### Data shown

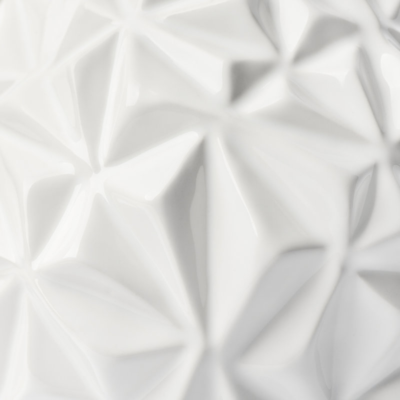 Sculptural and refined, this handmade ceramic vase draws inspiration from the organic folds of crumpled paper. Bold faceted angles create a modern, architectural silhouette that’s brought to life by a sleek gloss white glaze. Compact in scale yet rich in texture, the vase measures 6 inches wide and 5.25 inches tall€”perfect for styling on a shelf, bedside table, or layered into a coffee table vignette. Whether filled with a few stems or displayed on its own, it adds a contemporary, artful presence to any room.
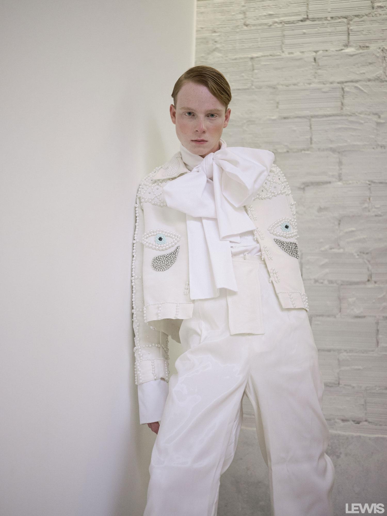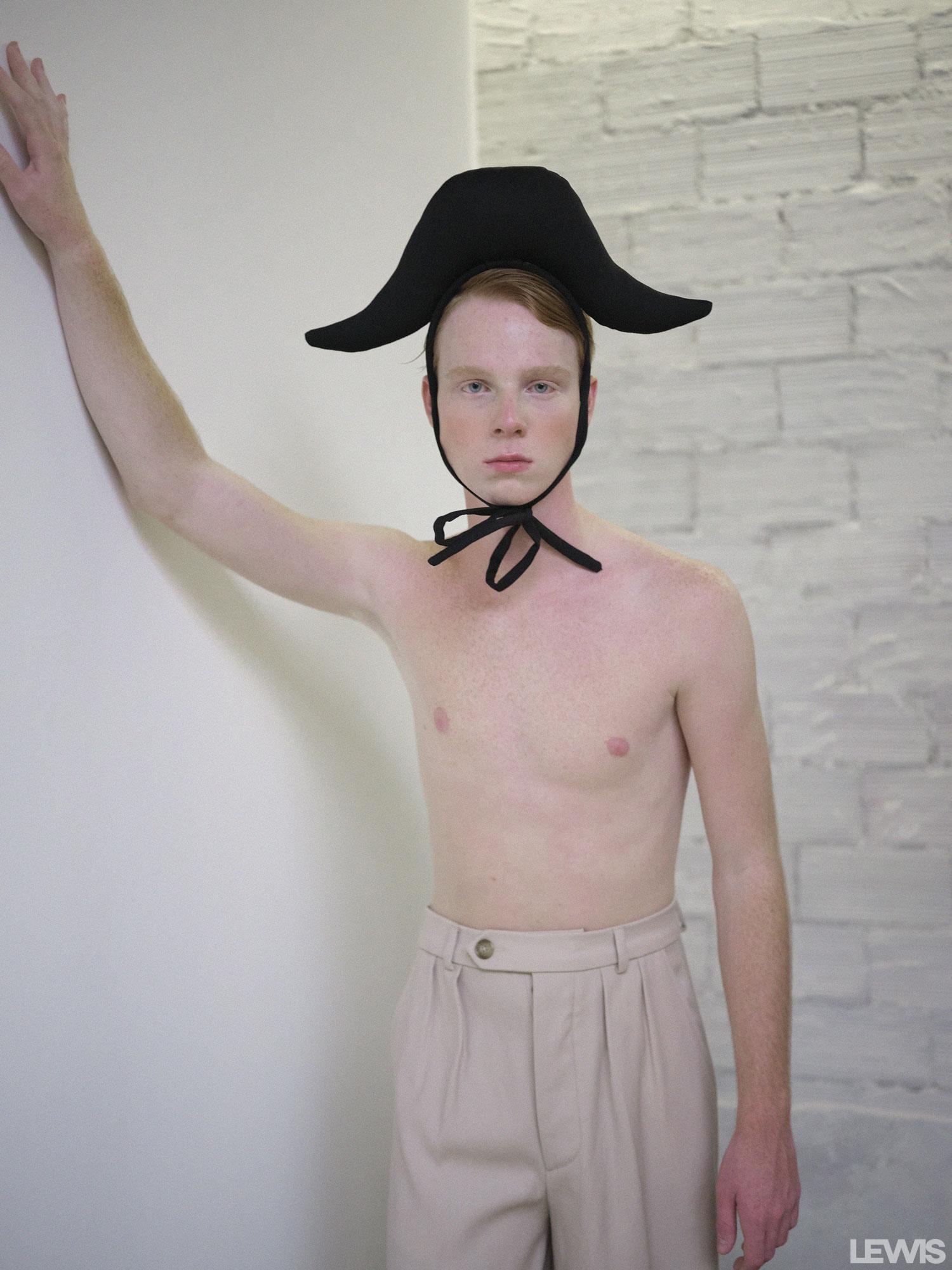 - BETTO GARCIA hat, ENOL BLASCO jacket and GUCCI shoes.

######
### Data shown

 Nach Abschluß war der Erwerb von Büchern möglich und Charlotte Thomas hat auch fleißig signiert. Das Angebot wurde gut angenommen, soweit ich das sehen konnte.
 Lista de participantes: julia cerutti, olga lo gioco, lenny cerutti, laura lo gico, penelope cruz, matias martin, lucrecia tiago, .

######

[What needs to be done] Starting with the line that has "Sculptural and refined, this" and ending with the line that has "- BETTO GARCIA", repeat the lines above exactly, omitting every picture.

[Solution]
 Sculptural and refined, this handmade ceramic vase draws inspiration from the organic folds of crumpled paper. Bold faceted angles create a modern, architectural silhouette that’s brought to life by a sleek gloss white glaze. Compact in scale yet rich in texture, the vase measures 6 inches wide and 5.25 inches tall€”perfect for styling on a shelf, bedside table, or layered into a coffee table vignette. Whether filled with a few stems or displayed on its own, it adds a contemporary, artful presence to any room.
 - BETTO GARCIA hat, ENOL BLASCO jacket and GUCCI shoes.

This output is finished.